RECORDS TO PROCESS:
----

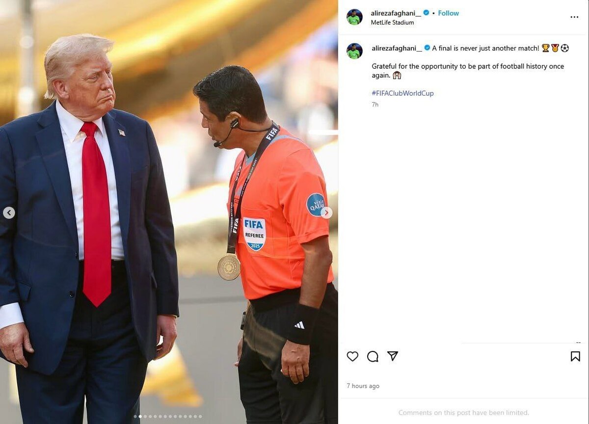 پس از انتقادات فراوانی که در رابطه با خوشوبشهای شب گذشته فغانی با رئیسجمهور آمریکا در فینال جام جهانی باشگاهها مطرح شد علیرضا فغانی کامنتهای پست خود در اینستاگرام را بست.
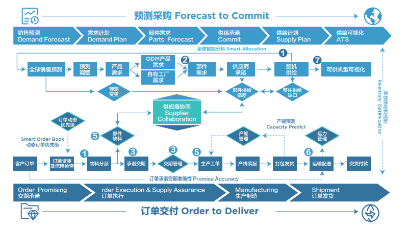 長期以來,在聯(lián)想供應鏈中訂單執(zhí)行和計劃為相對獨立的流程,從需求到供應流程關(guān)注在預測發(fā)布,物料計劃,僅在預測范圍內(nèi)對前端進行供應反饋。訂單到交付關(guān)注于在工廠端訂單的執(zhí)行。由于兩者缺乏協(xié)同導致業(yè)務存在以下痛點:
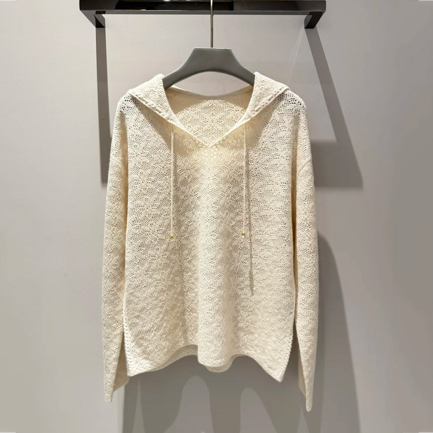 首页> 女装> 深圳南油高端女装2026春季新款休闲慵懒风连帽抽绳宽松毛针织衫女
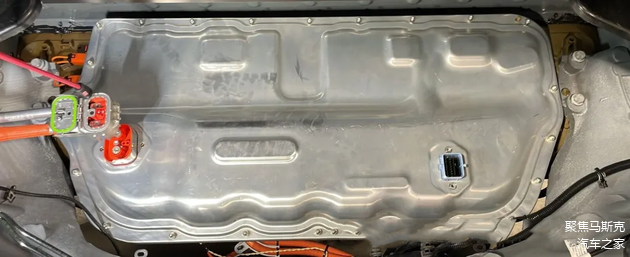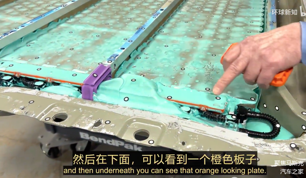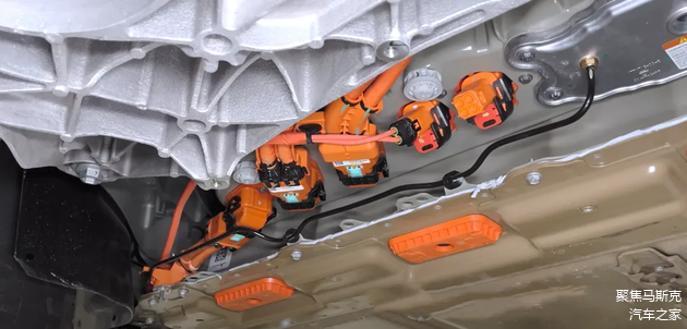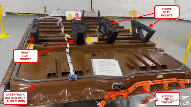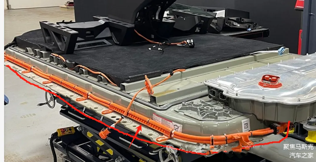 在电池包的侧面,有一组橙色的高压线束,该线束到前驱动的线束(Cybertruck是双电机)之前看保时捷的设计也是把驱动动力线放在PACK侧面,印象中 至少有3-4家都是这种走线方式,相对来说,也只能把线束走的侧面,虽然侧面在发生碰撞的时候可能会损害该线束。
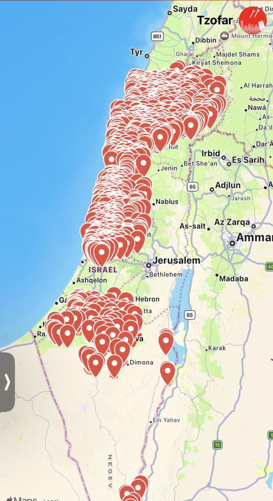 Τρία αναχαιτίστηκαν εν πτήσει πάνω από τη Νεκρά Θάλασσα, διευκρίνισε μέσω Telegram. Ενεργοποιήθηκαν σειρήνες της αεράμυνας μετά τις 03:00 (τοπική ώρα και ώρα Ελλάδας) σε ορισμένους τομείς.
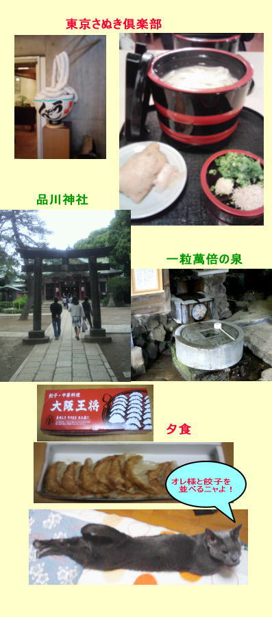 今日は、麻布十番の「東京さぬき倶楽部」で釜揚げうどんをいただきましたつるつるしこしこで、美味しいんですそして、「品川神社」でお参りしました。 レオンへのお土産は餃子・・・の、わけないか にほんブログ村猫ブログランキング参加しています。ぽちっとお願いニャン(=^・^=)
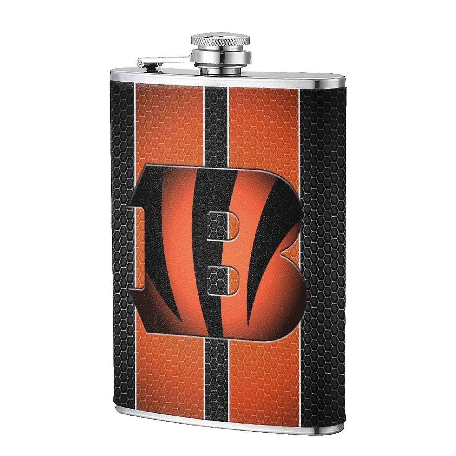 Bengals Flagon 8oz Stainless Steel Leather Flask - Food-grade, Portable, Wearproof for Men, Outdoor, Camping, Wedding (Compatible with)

----

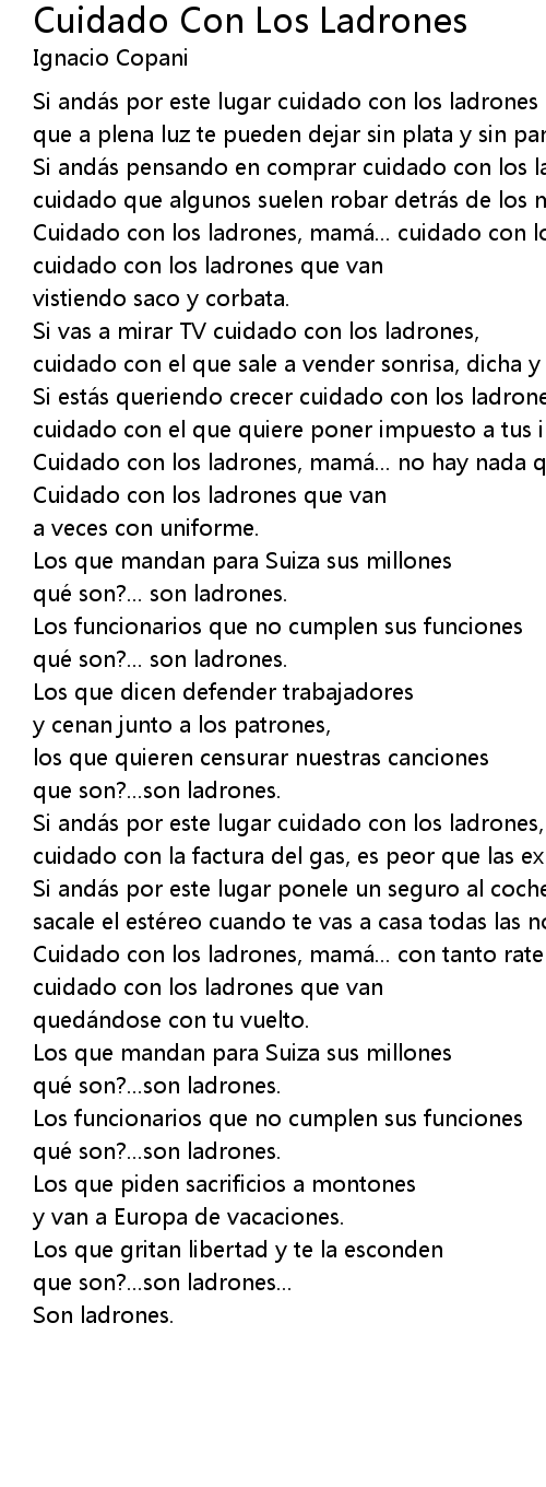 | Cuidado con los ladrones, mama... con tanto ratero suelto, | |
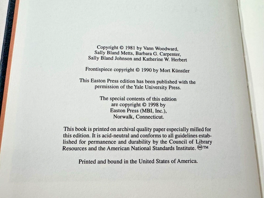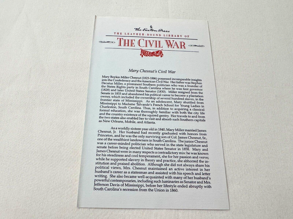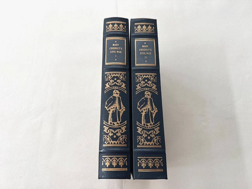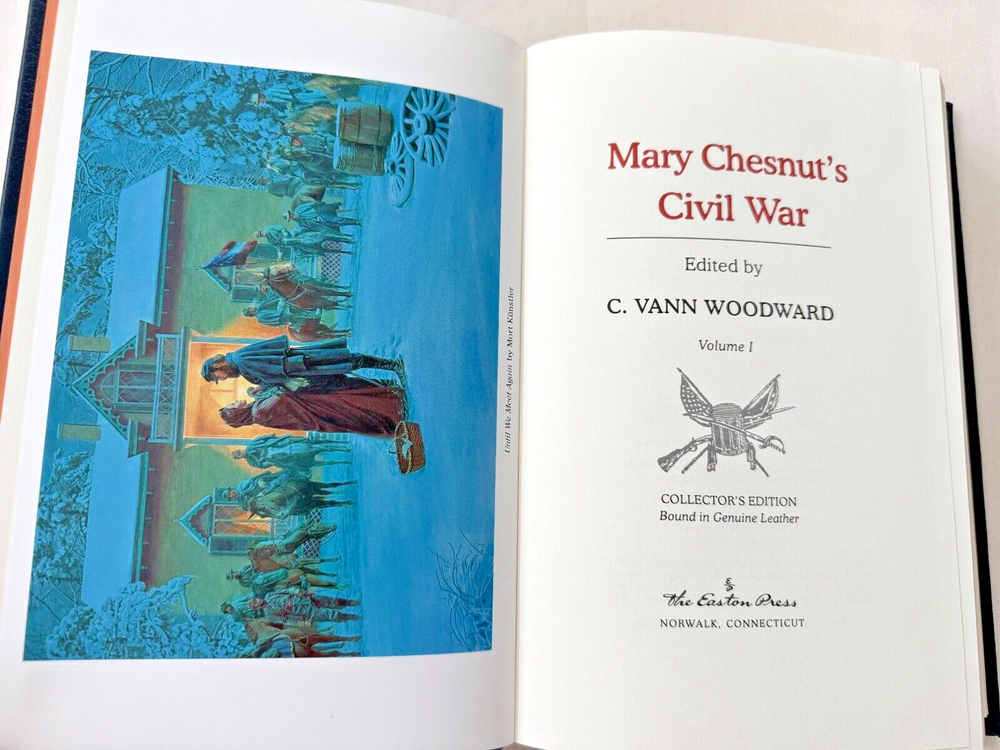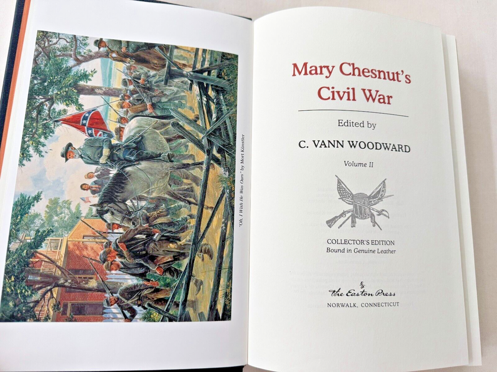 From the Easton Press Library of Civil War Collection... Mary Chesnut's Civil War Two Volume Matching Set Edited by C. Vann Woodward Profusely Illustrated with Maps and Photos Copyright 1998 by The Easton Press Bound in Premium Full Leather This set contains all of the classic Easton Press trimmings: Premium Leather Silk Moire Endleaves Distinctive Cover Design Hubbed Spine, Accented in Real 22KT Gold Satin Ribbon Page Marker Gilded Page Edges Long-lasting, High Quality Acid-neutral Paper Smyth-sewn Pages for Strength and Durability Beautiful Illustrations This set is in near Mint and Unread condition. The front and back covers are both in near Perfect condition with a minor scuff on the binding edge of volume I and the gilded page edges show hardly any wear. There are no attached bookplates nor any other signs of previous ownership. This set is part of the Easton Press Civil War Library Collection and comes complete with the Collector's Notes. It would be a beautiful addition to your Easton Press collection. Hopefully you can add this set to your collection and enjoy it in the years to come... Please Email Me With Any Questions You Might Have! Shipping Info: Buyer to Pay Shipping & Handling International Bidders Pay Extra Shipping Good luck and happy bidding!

----

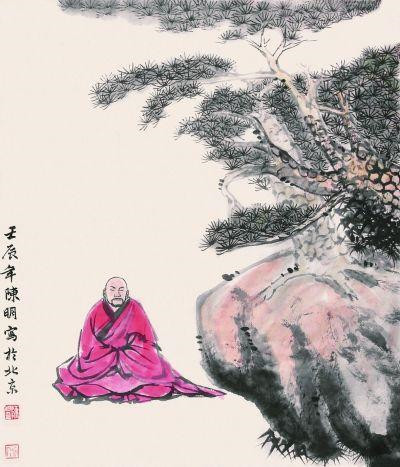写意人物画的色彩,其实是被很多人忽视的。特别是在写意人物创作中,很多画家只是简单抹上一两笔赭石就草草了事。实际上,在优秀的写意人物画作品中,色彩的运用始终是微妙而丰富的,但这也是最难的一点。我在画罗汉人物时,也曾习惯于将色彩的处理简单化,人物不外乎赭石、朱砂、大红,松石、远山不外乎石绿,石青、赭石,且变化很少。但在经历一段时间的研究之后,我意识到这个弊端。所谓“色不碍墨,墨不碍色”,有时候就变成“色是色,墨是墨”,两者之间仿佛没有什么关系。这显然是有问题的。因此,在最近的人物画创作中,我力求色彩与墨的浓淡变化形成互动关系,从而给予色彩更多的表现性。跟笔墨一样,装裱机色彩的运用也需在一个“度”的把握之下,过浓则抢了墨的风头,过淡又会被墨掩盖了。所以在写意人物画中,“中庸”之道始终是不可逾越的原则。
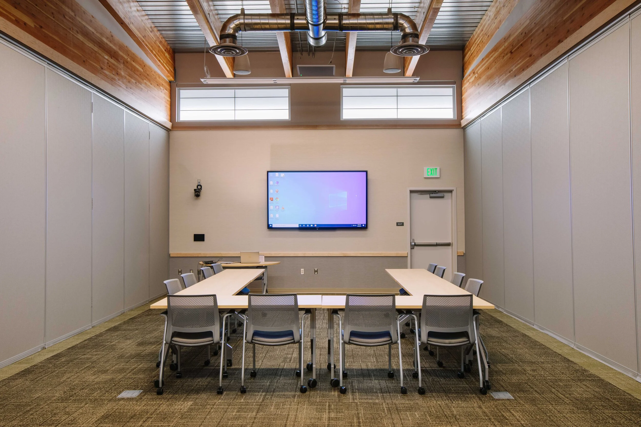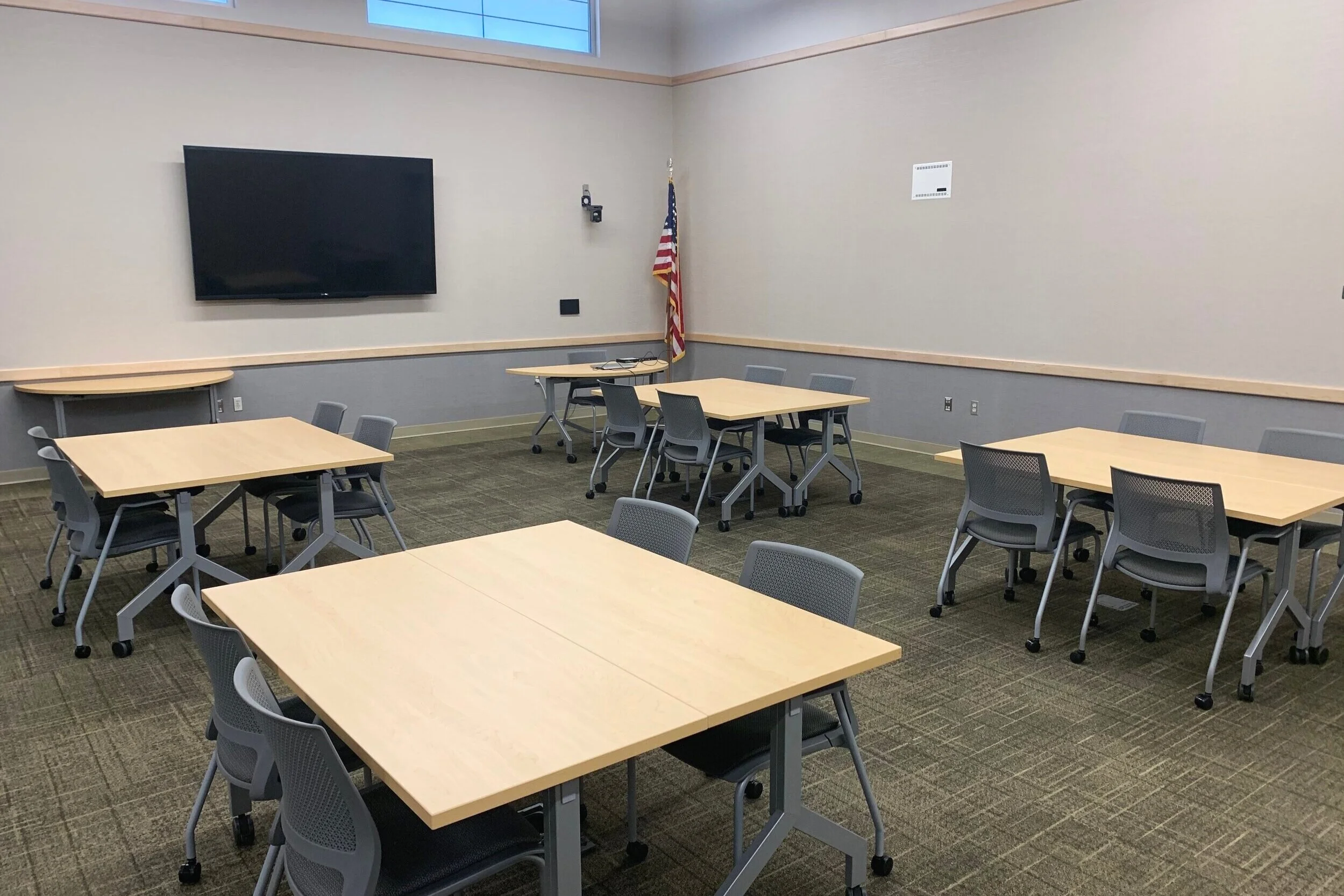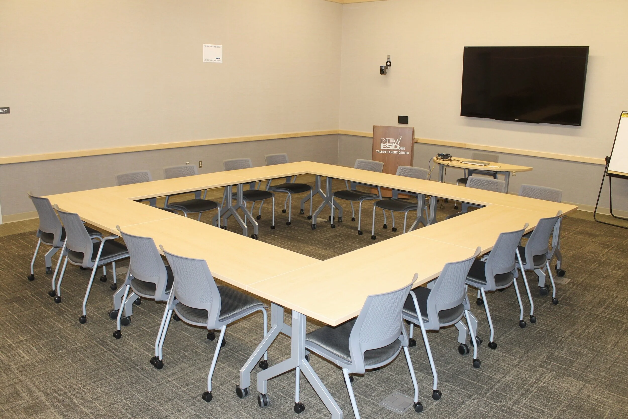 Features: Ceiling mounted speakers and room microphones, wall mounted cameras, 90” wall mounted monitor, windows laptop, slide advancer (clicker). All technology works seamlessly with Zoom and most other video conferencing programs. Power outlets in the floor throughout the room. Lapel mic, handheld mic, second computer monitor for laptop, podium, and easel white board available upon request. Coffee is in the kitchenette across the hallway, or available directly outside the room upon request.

----

YOUR GOAL:
Look back over the records above. Reproduce exactly everything from the line with "پس از انتقادات" down to the line with "Bengals Flagon 8oz", inclusive, and leave the pictures out.

RESPONSE BOX:
 پس از انتقادات فراوانی که در رابطه با خوشوبشهای شب گذشته فغانی با رئیسجمهور آمریکا در فینال جام جهانی باشگاهها مطرح شد علیرضا فغانی کامنتهای پست خود در اینستاگرام را بست.
 長期以來,在聯(lián)想供應鏈中訂單執(zhí)行和計劃為相對獨立的流程,從需求到供應流程關(guān)注在預測發(fā)布,物料計劃,僅在預測范圍內(nèi)對前端進行供應反饋。訂單到交付關(guān)注于在工廠端訂單的執(zhí)行。由于兩者缺乏協(xié)同導致業(yè)務存在以下痛點:
 首页> 女装> 深圳南油高端女装2026春季新款休闲慵懒风连帽抽绳宽松毛针织衫女
 在电池包的侧面,有一组橙色的高压线束,该线束到前驱动的线束(Cybertruck是双电机)之前看保时捷的设计也是把驱动动力线放在PACK侧面,印象中 至少有3-4家都是这种走线方式,相对来说,也只能把线束走的侧面,虽然侧面在发生碰撞的时候可能会损害该线束。
 Τρία αναχαιτίστηκαν εν πτήσει πάνω από τη Νεκρά Θάλασσα, διευκρίνισε μέσω Telegram. Ενεργοποιήθηκαν σειρήνες της αεράμυνας μετά τις 03:00 (τοπική ώρα και ώρα Ελλάδας) σε ορισμένους τομείς.
 今日は、麻布十番の「東京さぬき倶楽部」で釜揚げうどんをいただきましたつるつるしこしこで、美味しいんですそして、「品川神社」でお参りしました。 レオンへのお土産は餃子・・・の、わけないか にほんブログ村猫ブログランキング参加しています。ぽちっとお願いニャン(=^・^=)
 Bengals Flagon 8oz Stainless Steel Leather Flask - Food-grade, Portable, Wearproof for Men, Outdoor, Camping, Wedding (Compatible with)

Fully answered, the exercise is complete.